:: Task to complete ::
Please reproduce, exactly as given, the lines running from the start of the data to the line containing "倒入不粘鍋里待鍋邊雞蛋液鼓起。", inclusive, and omit the pictures.

:: Recorded information ::
____

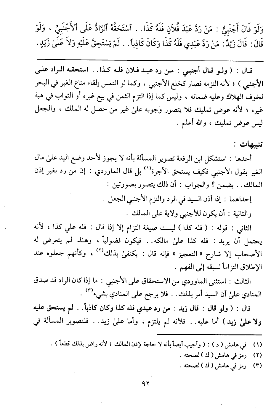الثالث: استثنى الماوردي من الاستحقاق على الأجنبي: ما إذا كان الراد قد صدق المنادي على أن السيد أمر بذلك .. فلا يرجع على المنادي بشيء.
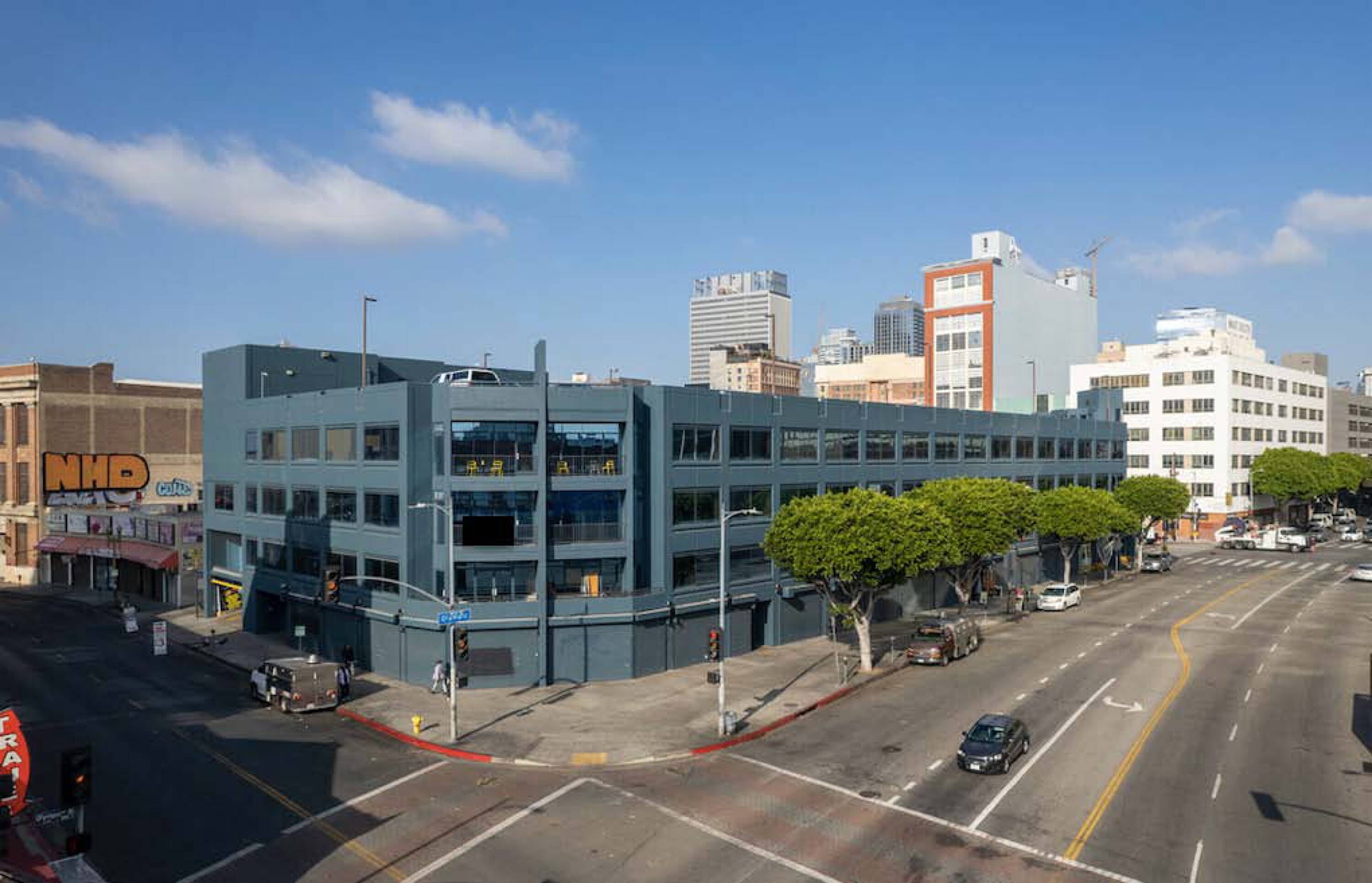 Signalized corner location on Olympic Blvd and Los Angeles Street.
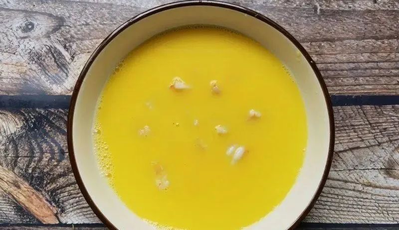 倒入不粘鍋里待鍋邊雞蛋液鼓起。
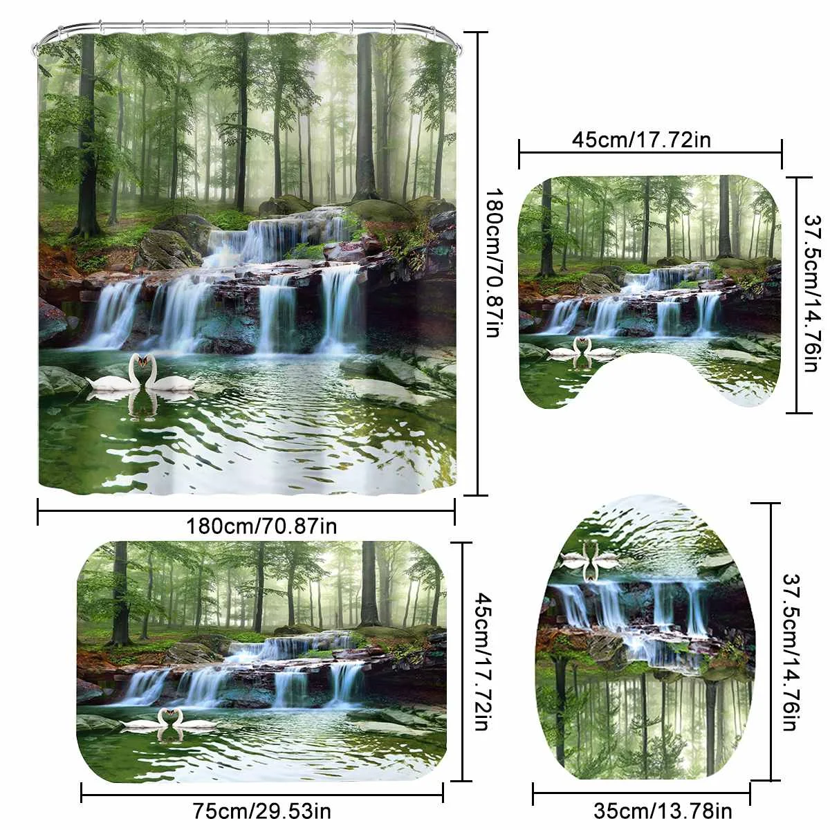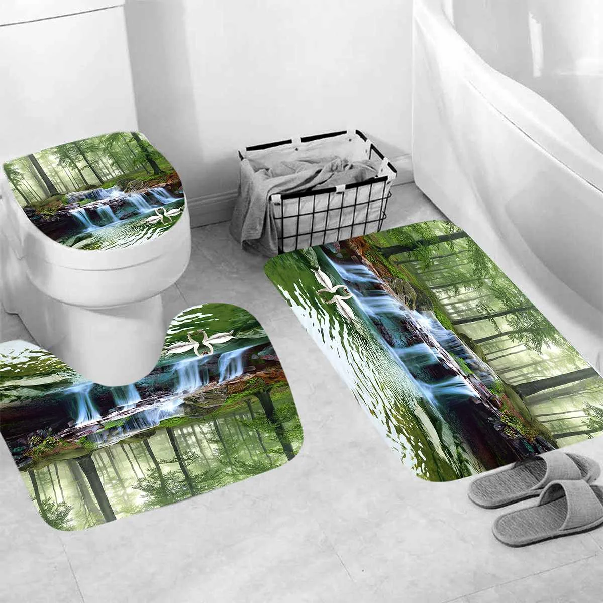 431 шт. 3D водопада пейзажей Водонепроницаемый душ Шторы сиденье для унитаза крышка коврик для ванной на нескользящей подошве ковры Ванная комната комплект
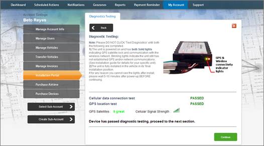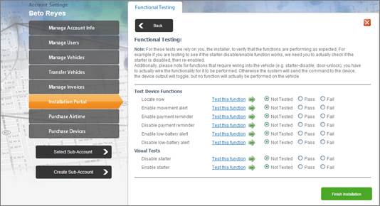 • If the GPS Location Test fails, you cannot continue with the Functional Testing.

____

:: Result below ::
الثالث: استثنى الماوردي من الاستحقاق على الأجنبي: ما إذا كان الراد قد صدق المنادي على أن السيد أمر بذلك .. فلا يرجع على المنادي بشيء.
 Signalized corner location on Olympic Blvd and Los Angeles Street.
 倒入不粘鍋里待鍋邊雞蛋液鼓起。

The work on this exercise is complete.